The high level view of the mining process can be described in the following steps:

  1. Seed the repository/db with the top 1000 projects
  2. After the seed has been completed, on a nightly basis:
    1. Obtain the Freshmeat Resource Definition File (Rdf) file.
    2. Compare the previous top 1000 projects to the current top 1000.
    3. Reload any of the top 1000 that have had:
      1. a latest_revision change or
      2. Is new to the top 1000.

Issues Encountered when Harvesting

There are currently some issues that crop up that keep Fossology from harvesting all top 1000 projects. It can currently harvest approximately 500 of the top 1000 projects; however, ways to harvest all 1000 are under investigation.

No Compressed Archives

The first issue Fossology encounters is that not everyone uses or supplies a tar archive. We try to gather either .zip, .bz2 or .gz tar files. If the project does not supply one of those types, there is nothing for it to load. Fossology is investigating how to obtain these projects in an automated way.
Support for other types of archives (e.g. RPM's) is planned for the future. See Next Steps below.
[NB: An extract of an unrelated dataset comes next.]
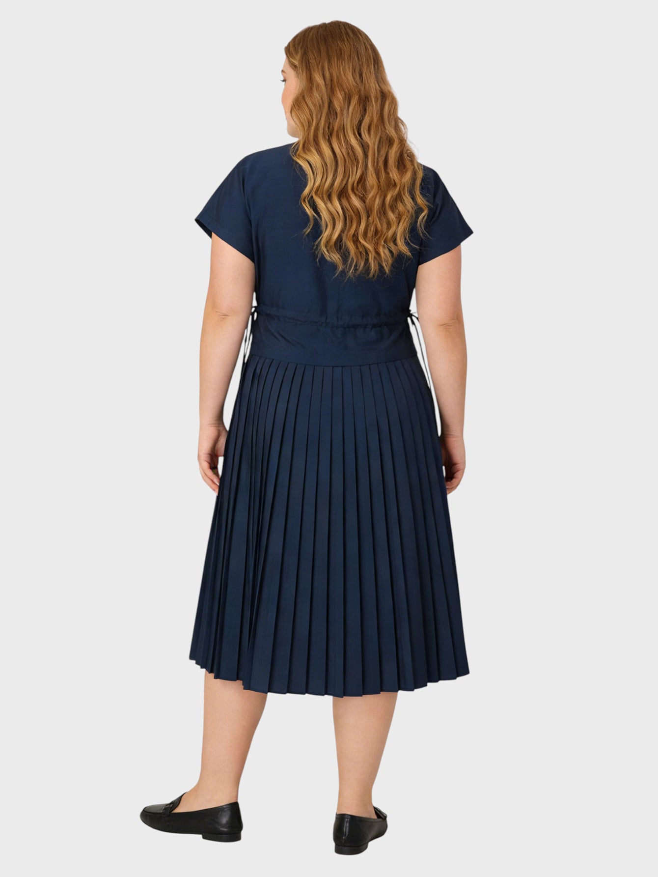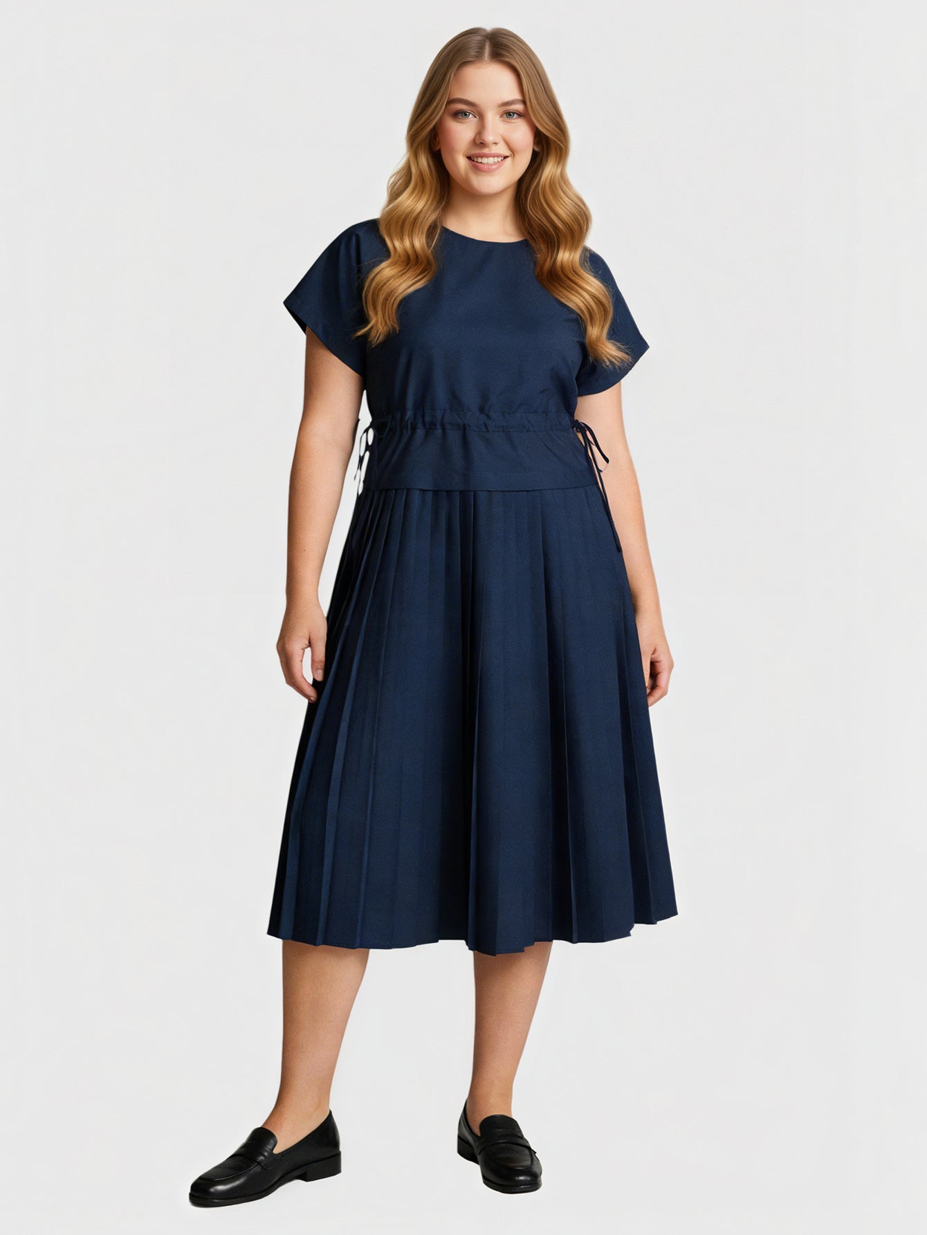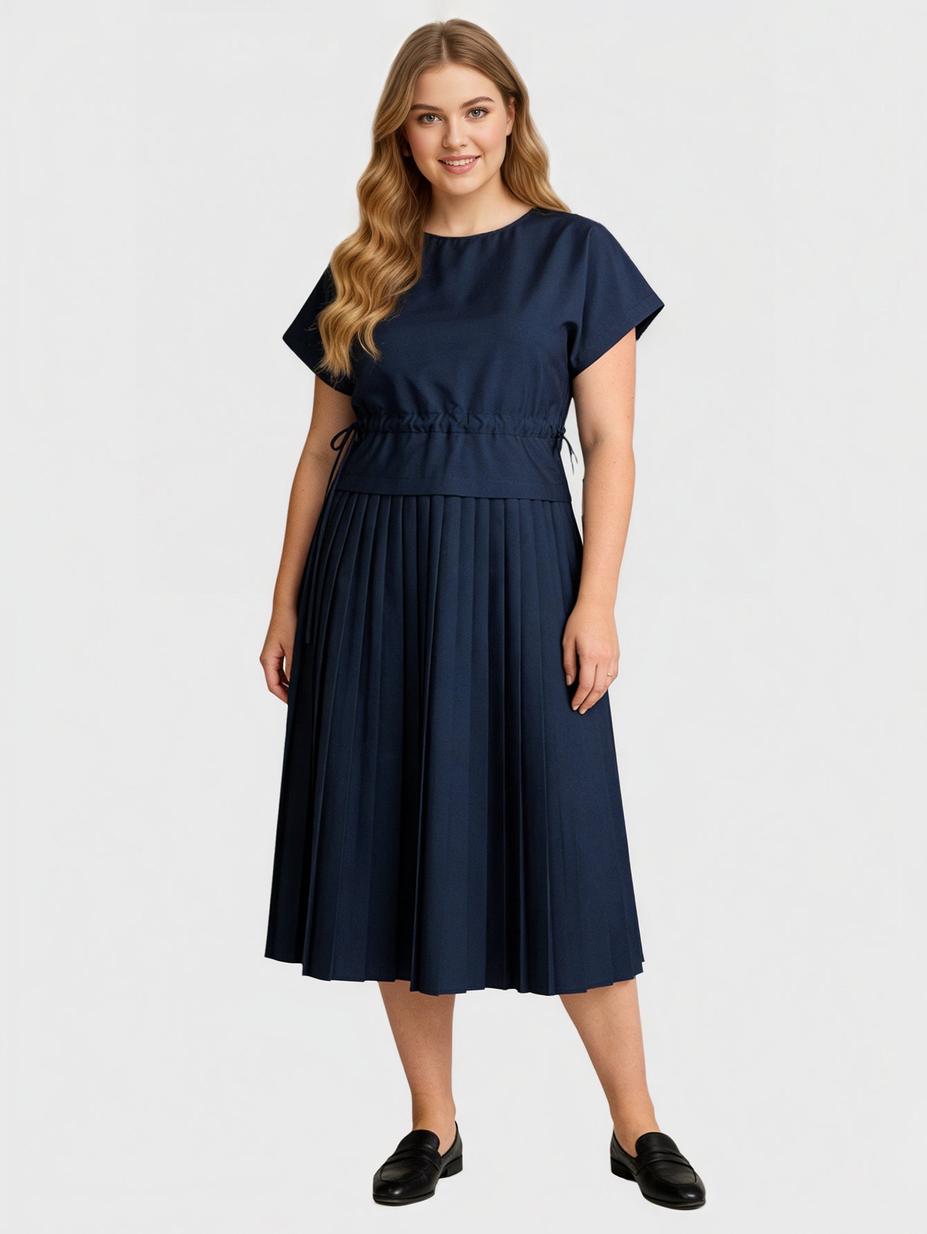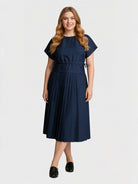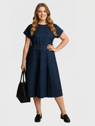 This Yeese Plus Size Drawstring Pleated Dress offers a flattering fit with its adjustable waist, soft pleats, and relaxed midi silhouette. Made from breathable cotton, it combines comfort with sophistication, perfect for any occasion.

Url does not point to a Downloadable Item

The second issue Fossology encounters is that many of the url's that point to downloads don't actually point to downloadable files. Instead, they often point to the project's home page, where one can find a download link. This issue has made collecting all top 1000 projects much harder than anticipated. Fossology is currently investigating the use of a web crawler, or some other technology, to obtain the archives that use these types of urls.

Data Gathered

None of the Freshmeat Rdf information is stored in our repository. Some of the values from the Rdf are stored, but not like FLOSSmole.
See other Fossology documentation for descriptions of what data is analyzed by the repository/db/agents. The process described here uses the following Freshmeat Rdf data:

  • Project Rank - the current Freshmeat rank for that day.
  • Project_short_name - the abbreviated name of the project.
  • Either .zip, .bz2, .gz tar archives - bz2 is favored due to it's smaller size.
  • Latest_revision - the value from the <latest_release><latest_release_version> for each Top 1000 project in the Rdf.

Next Steps

Fossology is seeking to improve its process in the following ways:

  • Increase harvest, develop or use methods that allow us to harvest those indirect links to down-loadable archives.
  • Develop a method of harvesting archives that have no archives in the Rdf.
  • Support obtaining RPM's as an archive type.
  • Support for obtaining and uploading Debian format archives.

Programs Used

The following programs are used in the Freshmeat process.

  • GetFM - Driver shell script run by cron.
  • maketop1k - extract the XML entries in the Freshmeat Rdf for a specified number of projects, 1000 is default.
  • diffm - diff consecutive days of the top 1000 XML files looking for differences in latest_release and for new projects in the top 1000.
  • get-projects - given an XML Rdf file format, parse and get via wget as many projects as possible.
  • cp2foss - loads 1 or more projects into the repository/db.

For more detailed information on the process see the above man pages and the Readme.